Alright, so before the inevitable comments of 'you're seeing what you want to see. Confirmation bias, man.' etc. etc. realize that I'm not stating any of this as fact. I'm asserting, but not saying this is without a doubt...the truth. Ah, and for those who invariably want to go for the jugular by claiming this is some deep-seated Oedipal issue at play here, or due to being scorned or jilted by the opposite sex blah blah blah...I'll just state for the record, I've had tremendously positive relationships with women. So rule that out. Realize that questioning the well-being of males does not automatically render you a tyrant.

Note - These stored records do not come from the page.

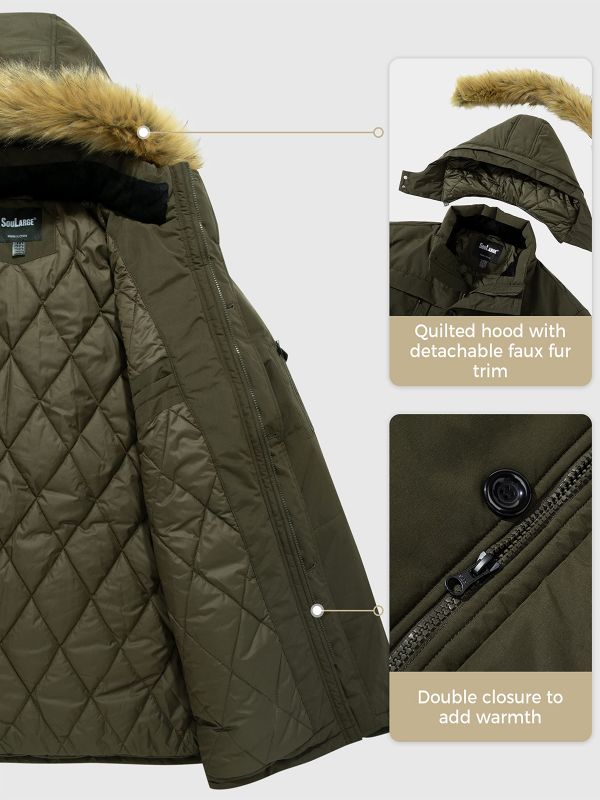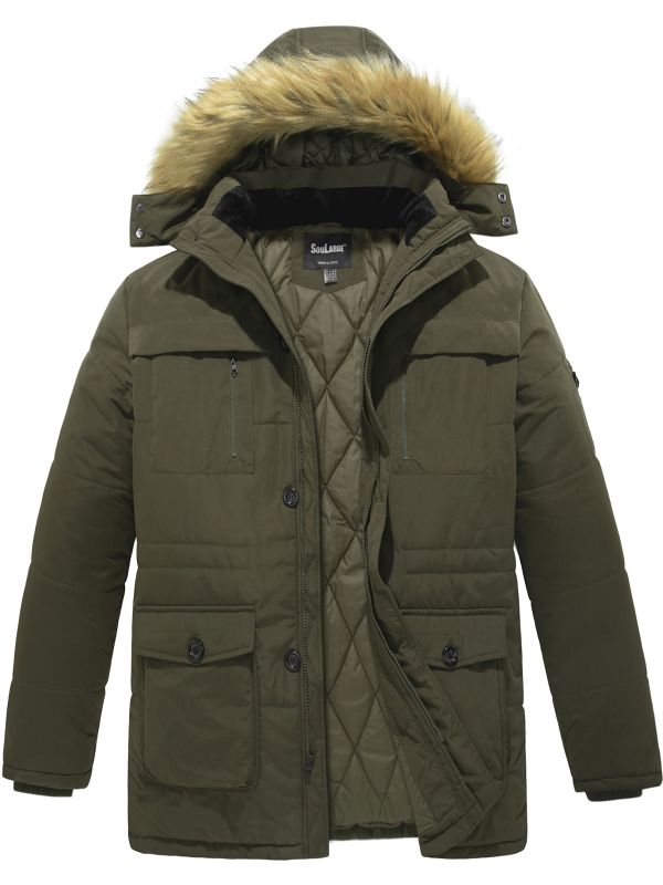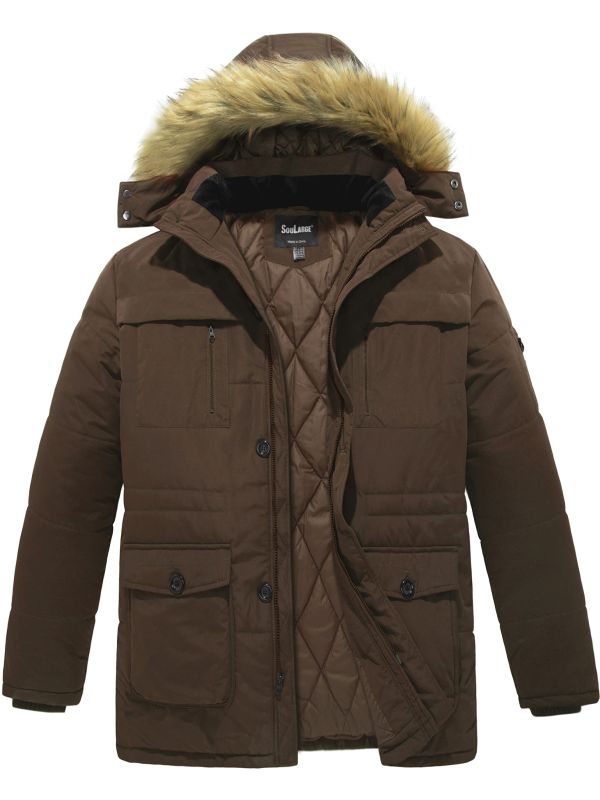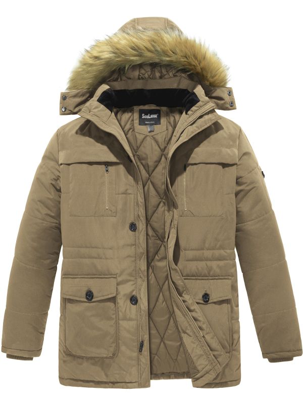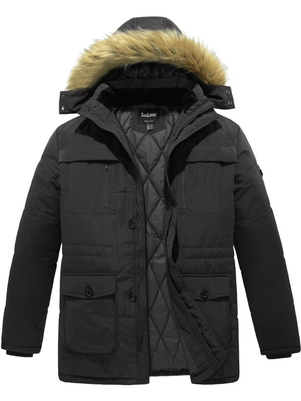 Soularge Men's Big and Tall Winter Warm Jacket Insulated Utility Coat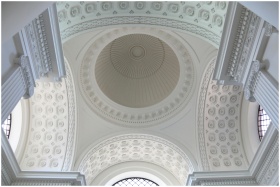 A stunning view of an ornate white dome ceiling with intricate architectural details.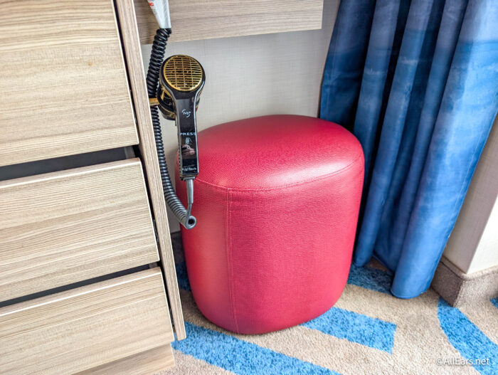 Underneath the vanity, there’s a small sitting stool and the hair dryer storage.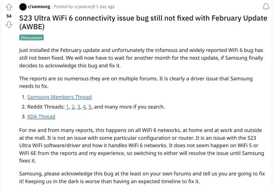 Пользователи отмечают, что наблюдается она с разными роутерами и сетями Wi-Fi 6, как дома, так и на работе или в других местах. То есть дело именно в телефонах. Samsung на днях выпустила первое обновление ПО для Galaxy S23, но оно если и исправляет проблему, то далеко не у всех. А до тех пор, пока проблема существует, совет лишь один – использовать иные стандарты подключения к Wi-Fi. Например, Wi-Fi 5.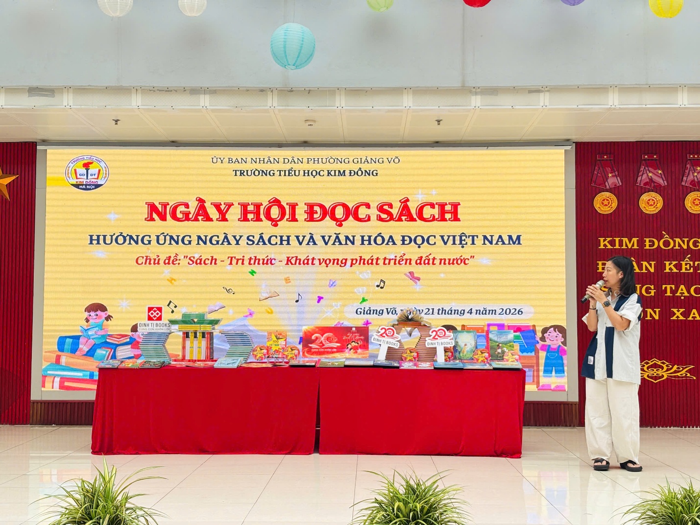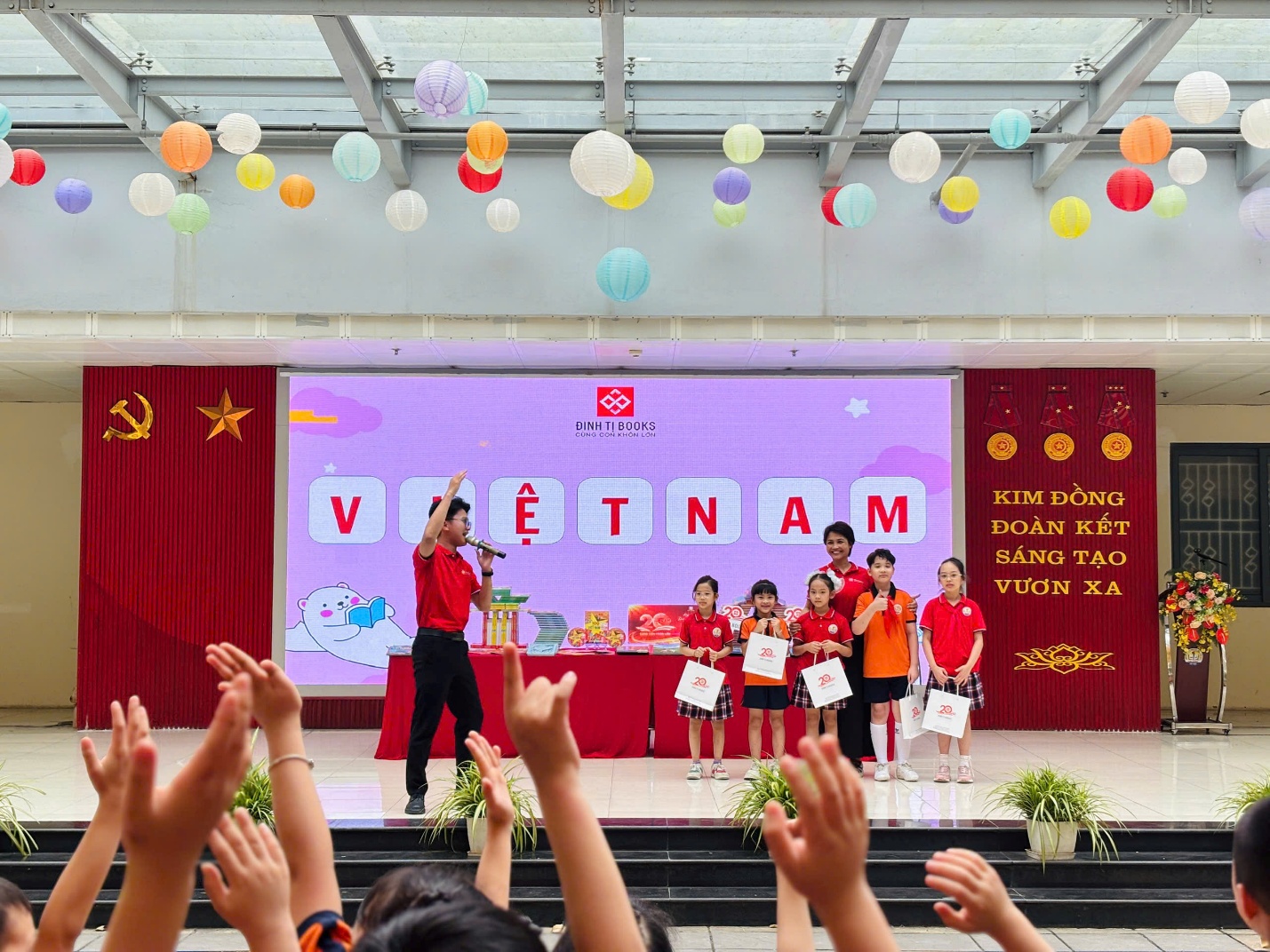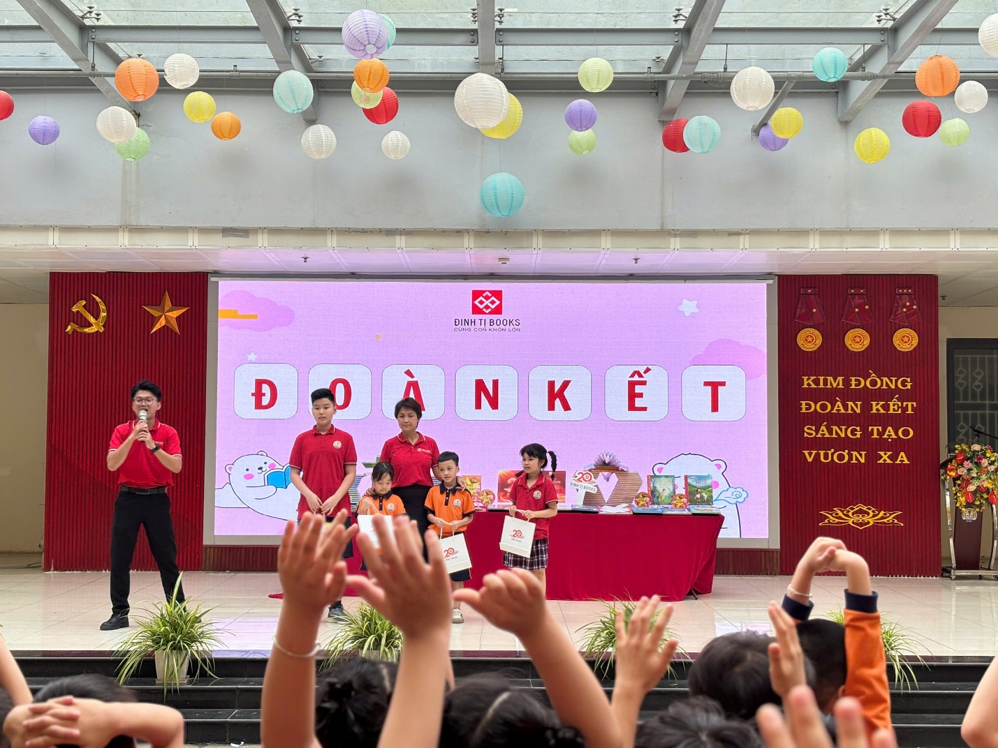 Đặc biệt, ngày hội năm nay thêm phần hào hứng nhờ sự đồng hành của Công ty sách Đinh Tỵ. Các bạn nhỏ đã có những giây phút "vừa học vừa chơi" cực kỳ sảng khoái với các trò chơi mini game tìm hiểu về lịch sử ngày sách cũng như khám phá những đầu sách mới hấp dẫn. Những phần quà xinh xắn được trao tay không chỉ là phần thưởng, mà còn là lời khích lệ các em tiếp tục khám phá thế giới rộng lớn qua từng trang sách.

Does even a shred of this strike a chord with anyone? Is anyone else as deeply disturbed by all of this as me?
Am I intentionally trying to be divisive? Nope. By making this issue gendered as opposed to worrying about mental health for all, am I doing a disservice? I'd say no, because certain differences in genders obviously must be acknowledged, because they exist. It just so happens a gender, I believe, incurs more psychological grief that is being largely ignored..in many respects I'd say.